The best implementation was the `sagemath` one which computed real size images
inverses in about 20 seconds, still too slow. But at least I could test locally
that the generated images were accepted by the program, and they were, so I knew
I was on the right track.
I tried reducing the size of the QR code to make it faster, and it ran in less
than a second, but the program could not recognize the data in the QR code
anymore.
Well we need another strategy. First because it is taking too long, but also
because not every matrix turns out to be invertible at all. And I don't want to
bruteforce the remote service to be lucky to have a username AND a serial matrix
that are both invertible and then be lucky enough that the program successfully
decodes the QR code.
## If it isn't invertible, juste make it invertible duh
So I go for a cleaner approach. I am not guaranteed that the QR code is invertible, fine, patch it to make it invertible.
And there is a really interesting property indeed:
{{< image src="/brachiosaure/invertible.png" style="border-radius: 8px;" >}}
By adding identity matrices and an empty matrix in the bottom right corner, the
resulting matrix is always invertible, and the inverse can be trivially
computed since it is simply moving matrices arround and negating the original
image modulo 256 `notice the "-(QRuser)" in the inverted matrix`.
## Putting everything together
So what we need to do given a random username:
- Compute its sha512 digest
- Compute the serial, the square of the matrix of the digest
- Generate a QR code for the digest and another one for the serial
- Make both QR code invertible by adding empty and identity matrices as shown above
- Compute the said inverse of said matrices
- In the result user.png put:
- The invertible digest QR code in the top left corner
- The inverted serial QR code in the bottom right corner
- In the result serial.png put:
- The inverted digest QR code in the top left corner
- The invertible serial QR code in the bottom right corner
{{< image src="/brachiosaure/final.png" style="border-radius: 8px;" >}}
## Solver
Here is the final solver script, which also automates fetching the username
from the remote service and the upload of the images to recover the flag.

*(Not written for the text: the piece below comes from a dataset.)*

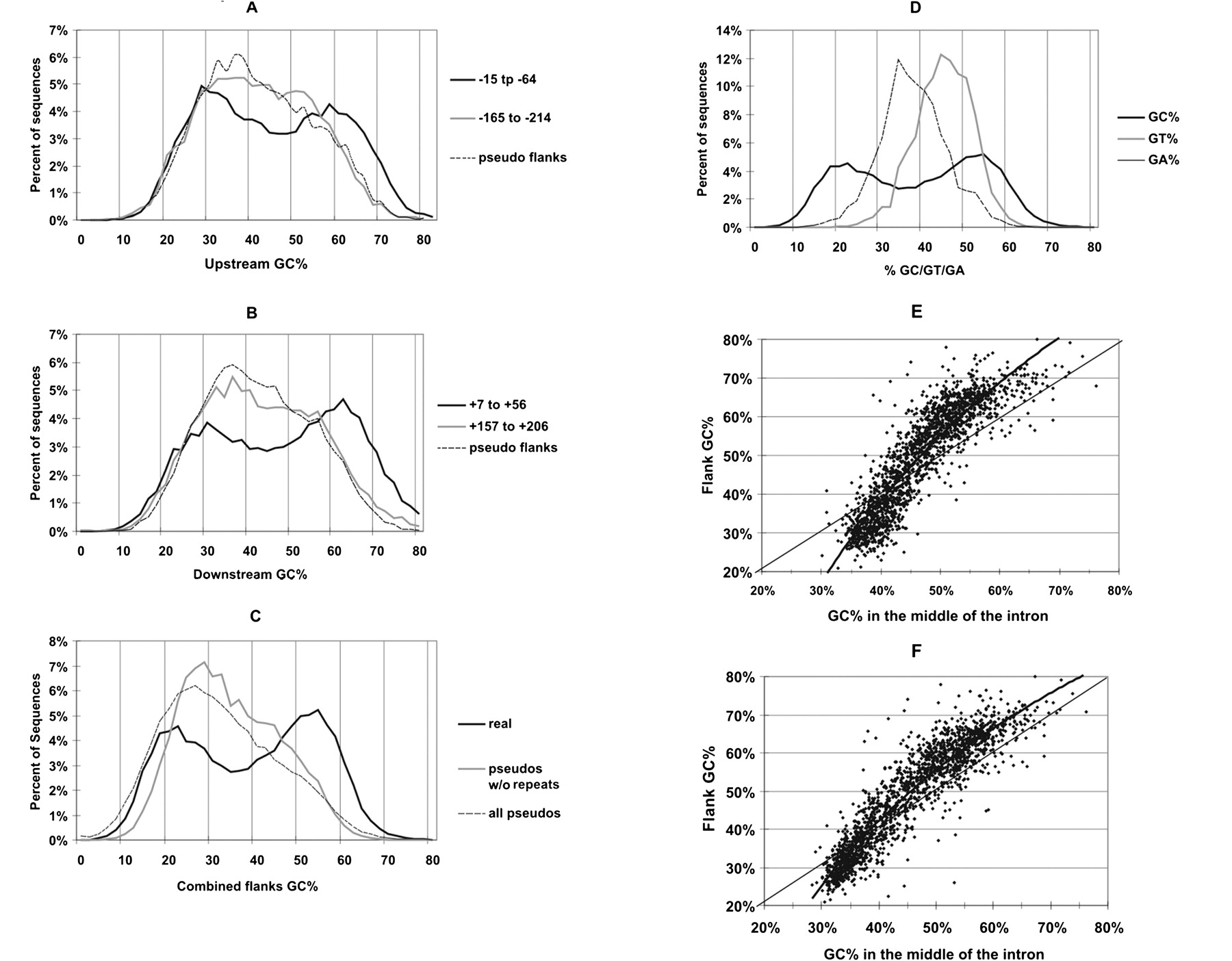 GC% distributions of flanks. (A,B) GC% distributions of 50-nt flank regions upstream and downstream of exons, respectively. The solid curves show the GC% distribution of sequence windows at the indicated distances (black curves, -15 to -64; gray curves, -165 to -214) from the 3′ or 5′ end of exons. The dashed curve shows the GC% distribution of the closer 50-nt windows in the flanks of pseudo exons. (C) GC% distributions of averaged GC% of both closest 50-nt windows (i.e., -15 to -64 and +7 to +56) upstream and downstream of exons, compared with the same distribution of pseudo exons with or without repeats. (D) GC% distribution for real exon flanks as in C compared with their GT% and GA% distributions. (E,F) Flanks tend to exaggerate GC%. (E) GC% of flanks is plotted against GC% of the remainder of the introns. (F) The same as A, but with repeats masked.

But before leaving this writeup there is still something I want to show you at the end.
{{< code file="/static/brachiosaure/solve_writeup.py" language="python" >}}
```console
$ ./solve_writeup.py
<strong>FCSC{c2ddbd0310bcf5f65c576453ee9697774afd38dc887b64f4dccc63ac598d084b}</strong>
```
## Side notes
Here are examples of images generated by this solver for username `90QOCSdkzFE3rrYD2GdkrZkh4q`:
The original user digest QR code:
{{< image src="/brachiosaure/user.png" style="border-radius: 8px;" >}}
The original serial QR code:
{{< image src="/brachiosaure/serial.png" style="border-radius: 8px;" >}}
The patched user png
{{< image src="/brachiosaure/90QOCSdkzFE3rrYD2GdkrZkh4q_usr.png" style="border-radius: 8px;" >}}
The patched serial png
{{< image src="/brachiosaure/90QOCSdkzFE3rrYD2GdkrZkh4q_serial.png" style="border-radius: 8px;" >}}
As you can notice, there isn't any noise visible by naked eye, this script therefore gets the flag 100% of the time.

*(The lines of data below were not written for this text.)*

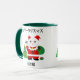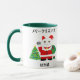 Gato afortunado vestido como Santa con un árbol de Navidad y adornos. Un regalo de Navidades divertidos y únicos que te trae buena suerte. "Feliz Navidad" y "Maneki Neko (Gato Suertudo)" en japonés.
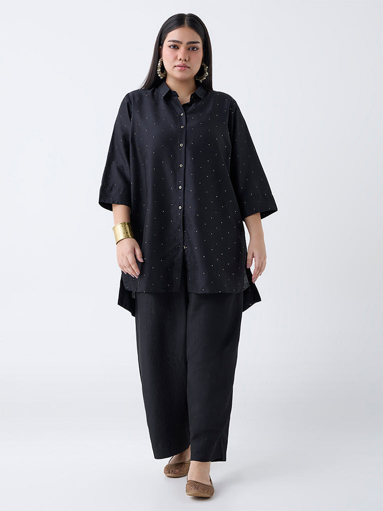 Amplify your festive wardrobe with this black ethnic tunic from Diza, adorned with delicate embellishments that add a subtle shimmer. Designed with a collar and button placket, it is finished with three-fourth sleeves for an elegant yet versatile look.
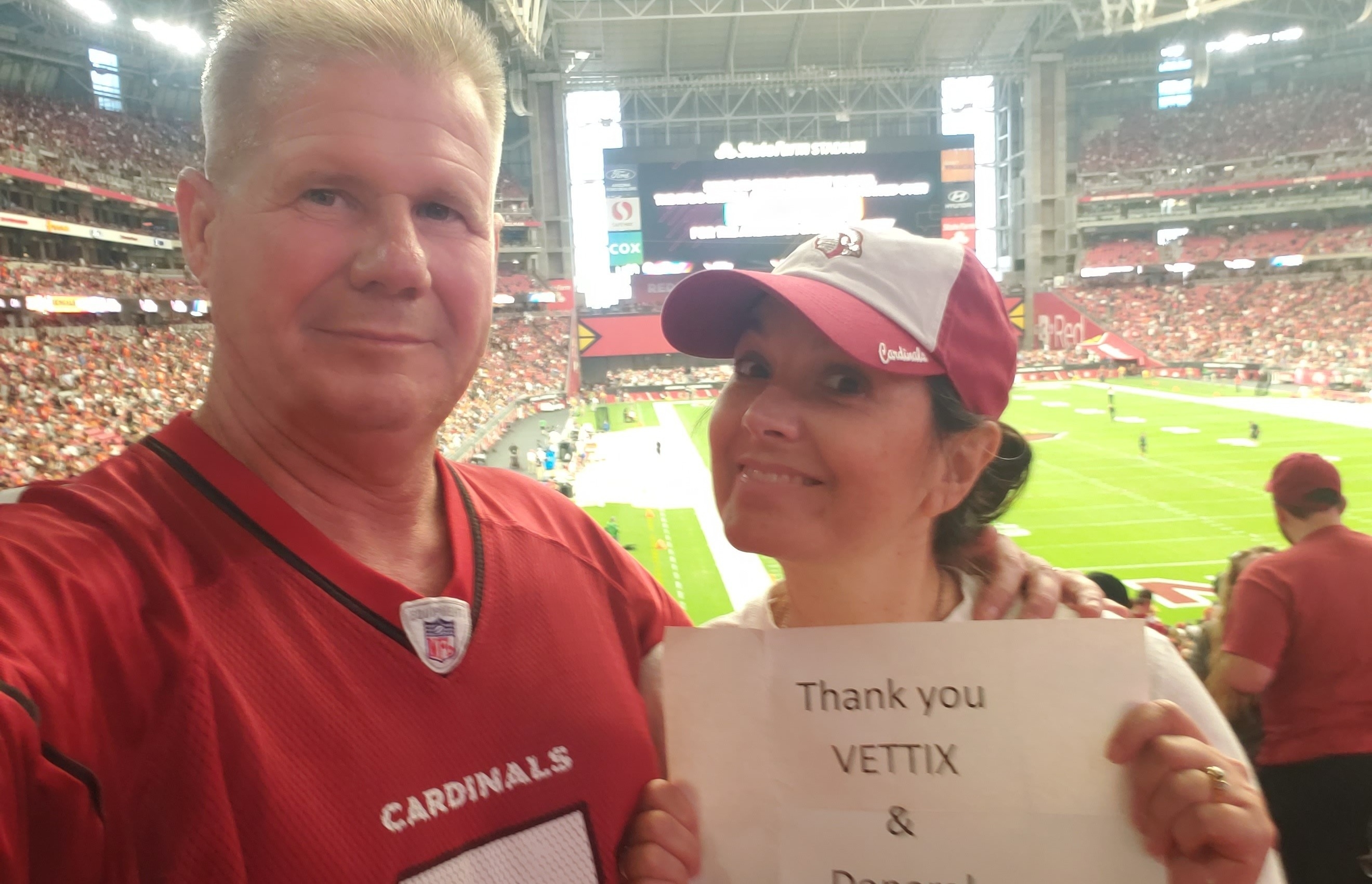 Thank you to the Arizona Cardinals and the Veteran Tickets Foundation for the tickets. We had a great time.

Why is it so clean ? Simply because of the strategy we used to compute the
inverse matrix:
- We add empty matrices: they are black so no noise
- We add identity matrices: they only have the diagonal set to 1 so only a little bit grayer than theso here you go.
- We add the opposite of the matrix, and this is the clean part: our original matrices only hold black and white pixels so respectively `0x0` and `0xff`, so the opposite of `0` is still `0` and the opposite of `0xff` if `1` modulo 256, so like the identity matrix, they are nearly invisible. If you look closely though :eyes: you will see that all white pixels of the QR code were indeed reflected as very faint taint of gray in its inverse matrix on the other image.